Op 5 september 2025 heeft de Rechtbank Midden-Nederland uitspraak gedaan in een zaak over de WOZ-waarde van een woning in Utrecht. De eiser, vertegenwoordigd door D. van der Locht, had bezwaar gemaakt tegen de vastgestelde WOZ-waarde van € 554.000,- voor het belastingjaar 2023, vastgesteld door de heffingsambtenaar van de Belastingsamenwerking gemeenten en hoogheemraadschap, vertegenwoordigd door M. Vrisou van Eck. De waarde was gebaseerd op de Wet waardering onroerende zaken (wet WOZ) en de waardepeildatum was 1 januari 2022. De heffingsambtenaar had in een eerdere uitspraak op bezwaar het bezwaar van de eiser ongegrond verklaard.

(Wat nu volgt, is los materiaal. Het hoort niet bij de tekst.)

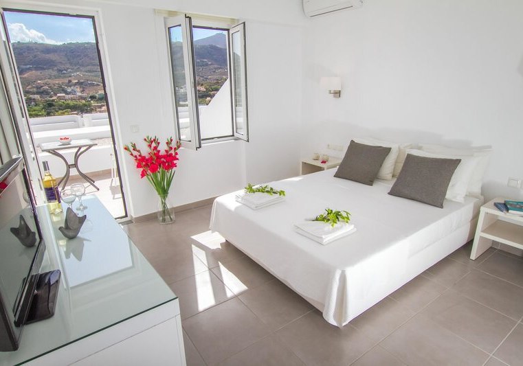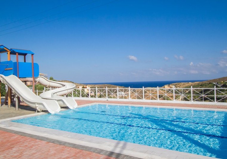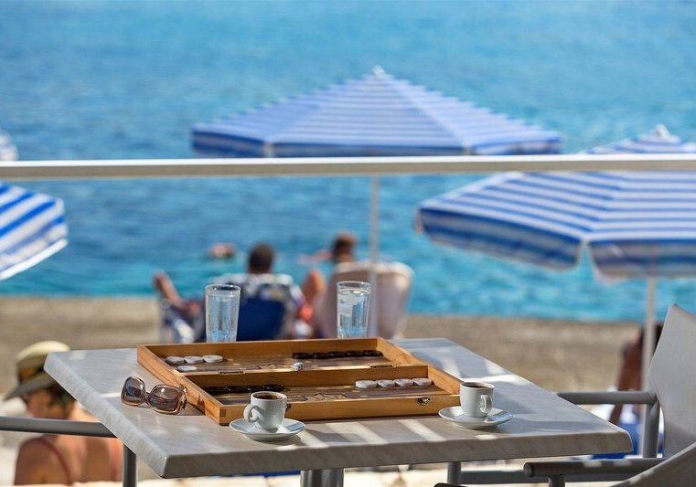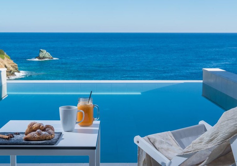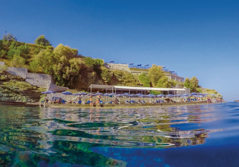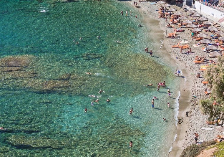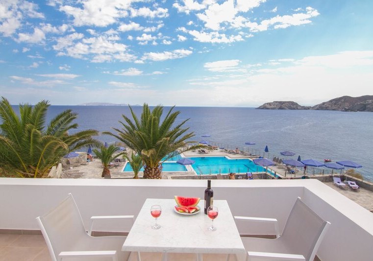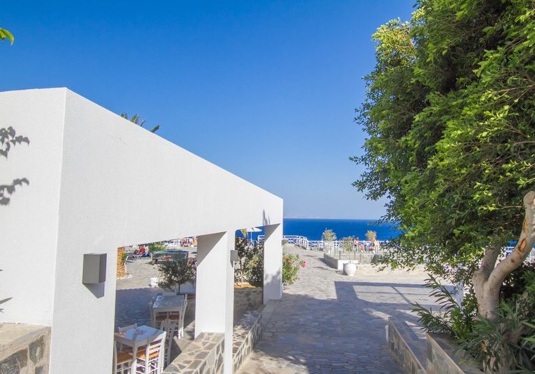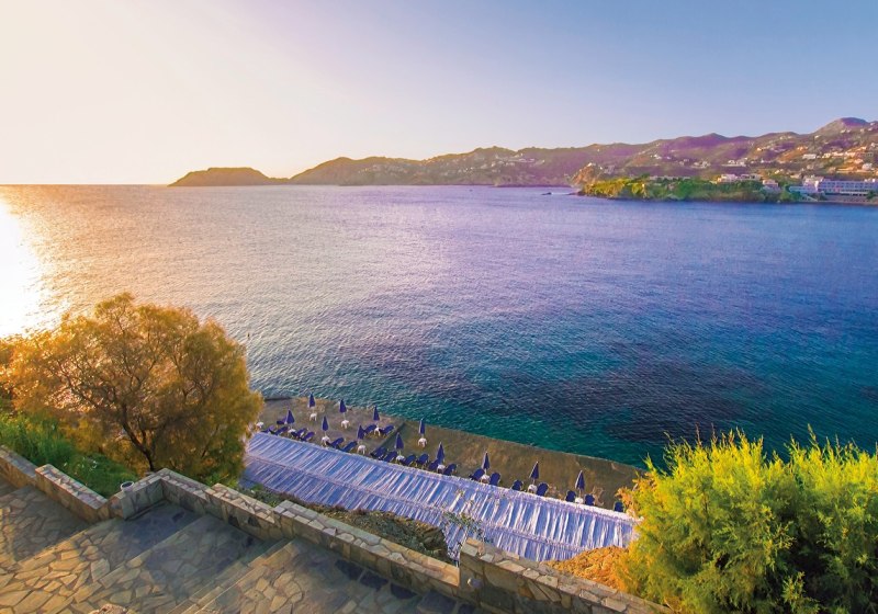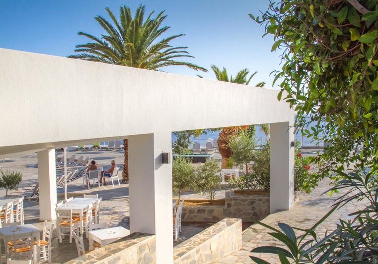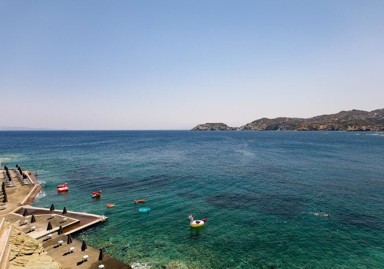 Ihr residiert in Agia Pelagia auf Kreta, direkt am Strand mit Sand- und Kiesabschnitten. Das Badeplateau erreicht Ihr über Treppen. Der Psaromoura- und der Mononafitis-Strand liegen jeweils rund 200 Meter entfernt, ideal für kurze Spaziergänge entlang der Bucht und kleine Standortwechsel zwischen Badeplätzen.
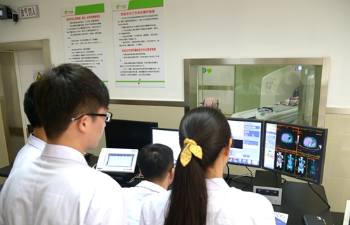 本专业拥有优越的实践教学条件。下图为学生在附属第一医院临床教师指导下操作PET/CT。
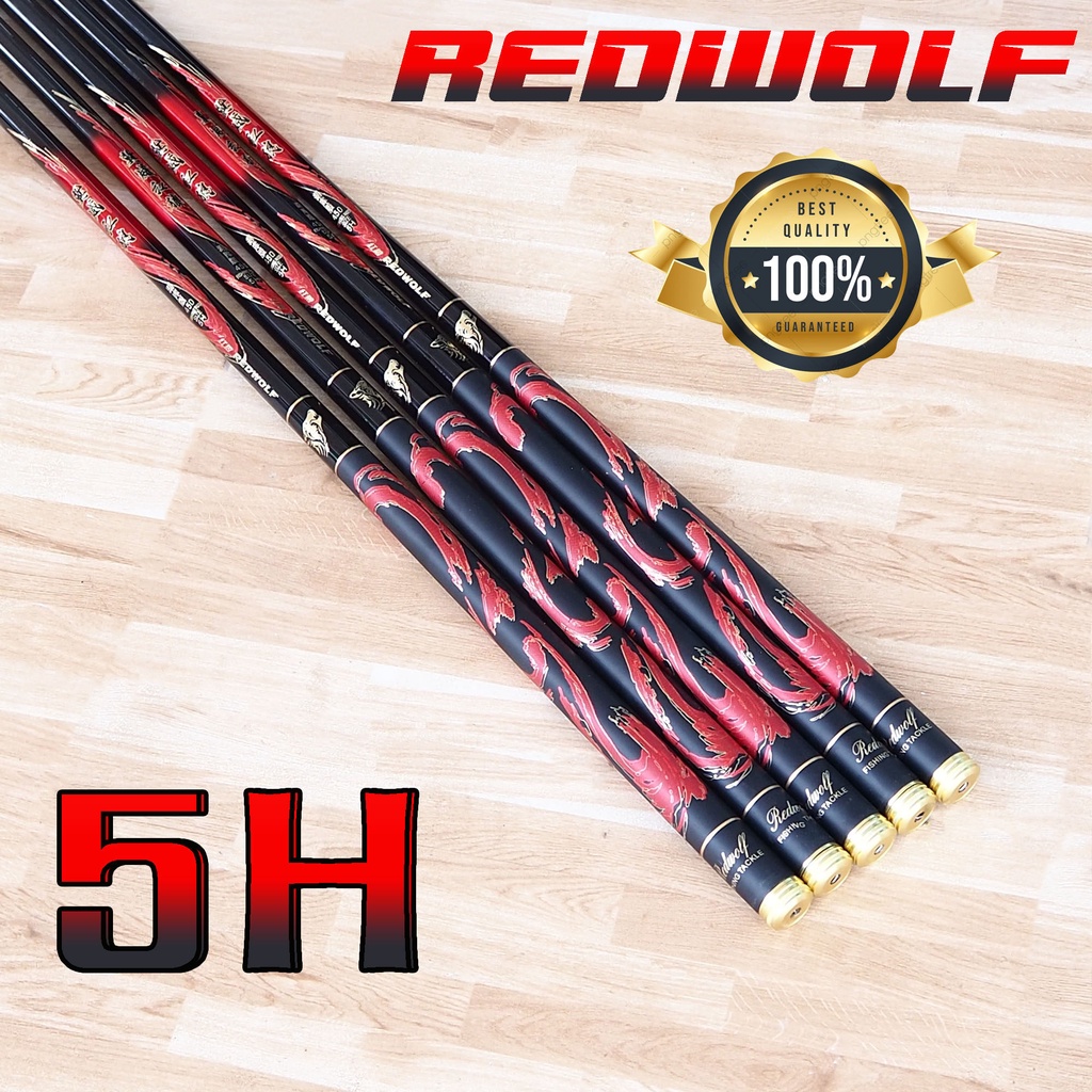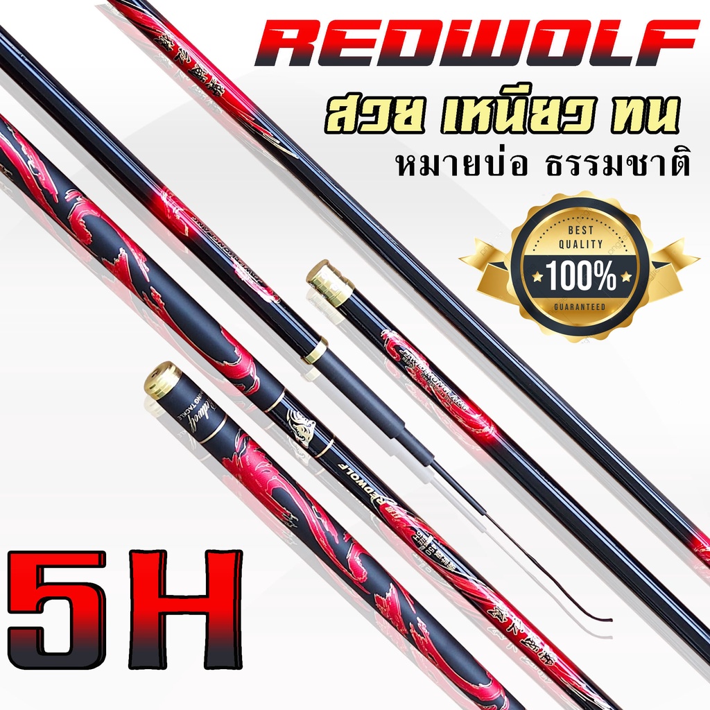 คันชิงหลิว REDWOLF เวท 5H แถม !! ปลายสำรอง 1 ชิ้น วัสดุคาร์บอนไฟเบอร์ เหนียว เบา แข็งแรง เหมาะกับงานตกปลาสายบ่อ สายธรรมช
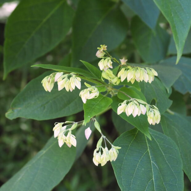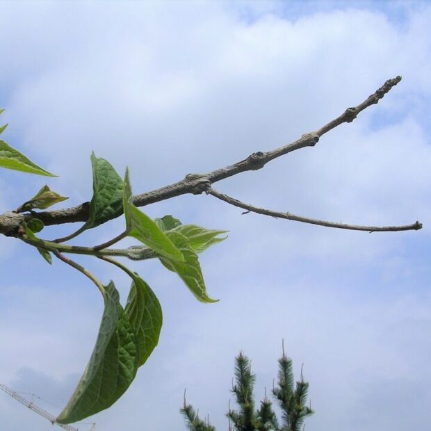 高さ2~8mの落葉樹です。 幹はシュッとしてスリムです。 枝の先の方に大き目の葉をたくさん垂らして重そうに見えます。

De rechtbank heeft vastgesteld dat de heffingsambtenaar voldoende bewijs heeft geleverd voor de vastgestelde WOZ-waarde door middel van een taxatiematrix, waarin de woning werd vergeleken met vier referentiewoningen in de omgeving. De rechtbank oordeelde dat de referentiewoningen goed bruikbaar waren en dat de heffingsambtenaar aannemelijk had gemaakt dat de waarde van de woning niet te hoog was vastgesteld. Eiser voerde aan dat er onvoldoende rekening was gehouden met het bouwjaar van de woning en de ligging nabij een begraafplaats en een elektriciteitshuisje, maar de rechtbank volgde de argumenten van de heffingsambtenaar en oordeelde dat de beroepsgronden niet slaagden.
Uiteindelijk verklaarde de rechtbank het beroep ongegrond, waardoor de WOZ-waarde van de woning gehandhaafd bleef. De uitspraak werd gedaan door rechter Y.N.M. Rijlaarsdam, in aanwezigheid van griffier P.W. Hogenbirk, en werd openbaar uitgesproken op 5 september 2025.